Seharusnya itu aku. Aku lah yang membuat pertemuan itu. Dan aku menyesal. Seandainya, saat itu aku sendiri yang memanggil Yuki...
❀
Bel istirahat berdering. Tugasku masih belum selesai. Mayoritas teman sekelas sebenarnya sama denganku, namun mereka tetap mengumpulkan. Mereka bilang istirahat itu lebih penting di masa-masa seperti ini. Well, aku tidak menyalahkan karena itu ada benarnya. Hanya saja, nilaiku di mapel ini (semuanya sih) itu pas-pasan banget.

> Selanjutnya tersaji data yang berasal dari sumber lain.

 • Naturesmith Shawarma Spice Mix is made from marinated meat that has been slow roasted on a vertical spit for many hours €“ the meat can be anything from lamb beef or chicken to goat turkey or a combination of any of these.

Paling nggak 80 aja aku sudah senang bukan kepalang.
"Yang terakhir nanti bawa ke ruang guru yaa~" ucap Kimura-sensei, guru matematika kelasku.
Aku hanya mengangguk dan meneruskan pekerjaanku. Kurasa sebentar lagi aku akan selesai.
"Eh, Asami."
Ini udah yang kedua puluh kali dia memanggilku hari ini
"Apaa"
"Kamu sudah?"
"Matamu dipake dong."
"EH AKU CUMA MAU TANYA."
"YA AKU CUMA JAWAB LHO!" Aku sudah menimpuk Atsumu dengan buku paket. Orang lagi senewen ngerjakan matematika diusik. Tidak bisa kah aku hidup dengan tenang sehari saja? Mesti ada aja yang diributin, heran.

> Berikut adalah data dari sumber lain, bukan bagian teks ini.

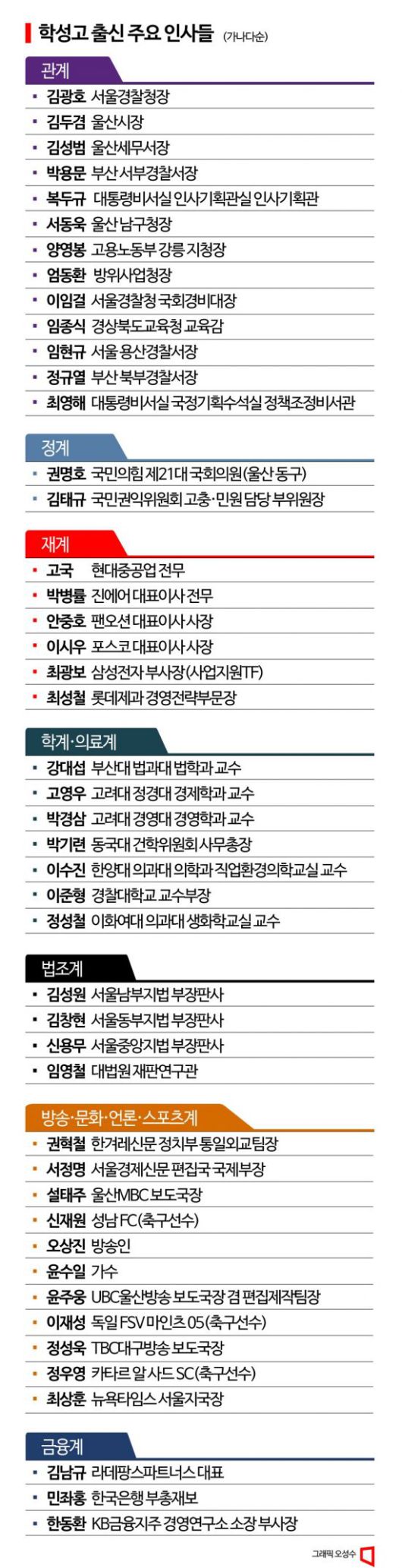 울산광역시 남구 문수로에 있는 학성고등학교(학성고)는 박정희 정부 때 핵심 인물이었던 이후락 전 중앙정보부장이 설립을 주도했다. 학교명 '학성'은 이후락의 본관인 울산의 옛 이름(지명)을 따서 지었다고 한다. 울산육영회 소유 사립고등학교로 1969년에 개교했고, 1982년 공립으로 전환했다. 학구열이 높아 명문대 진학률이 높고, 이렇다 보니 자연스럽게 사회에서 두각을 나타낸 동문이 많다. 학성고 출신은 정·관계는 물론 학계·금융·의료계 등 사회 곳곳에서 모교를 빛내고 있다.윤석열 정부와 관련해서는 복두규 대통령실 인사기획관(전 대검 사무국장,11회)이 먼저 눈에 띈다. 인사기획관은 대통령실과 정부 부처, 공기업 인사를 총괄하는 자리다. 폐지된 인사수석을 대체하는 자리라 언론들은 '수석급 인선'이라고 평가했다. 복 기획관과 함께 근무했던 한 전직 검사장은 당시 언론 인터뷰에서 "(복 기획관은)정말 입이 무겁다. 꼼꼼하고 치밀한 스타일"이라고 전하기도 했다. 복 기획관이 발탁된 배경과 관련해서도 그의 '무거운 입'이 한몫했을 것이란 분석이 나왔었다. 그는 윤 대통령과 대검 중수부 등에서 함께 근무한 인연이 있다.

Atsumu langsung lari terbirit-birit keluar, diikuti Ginjima. Di luar, mereka sudah ditunggu Osamu dan Suna, teman sepersekutuan mereka. Mereka semua saja. Terutama yang rambut kuning nggak jelas itu.
Aku menghela nafas lalu melanjutkan tugas yang menunggu manis. Sialan.
Mungkin ada 15 menit aku berkutat dan menyerah. Aku menjawab seadanya. Aku cuma bisa separuh. Itu pun nggak yakin. Dah lah.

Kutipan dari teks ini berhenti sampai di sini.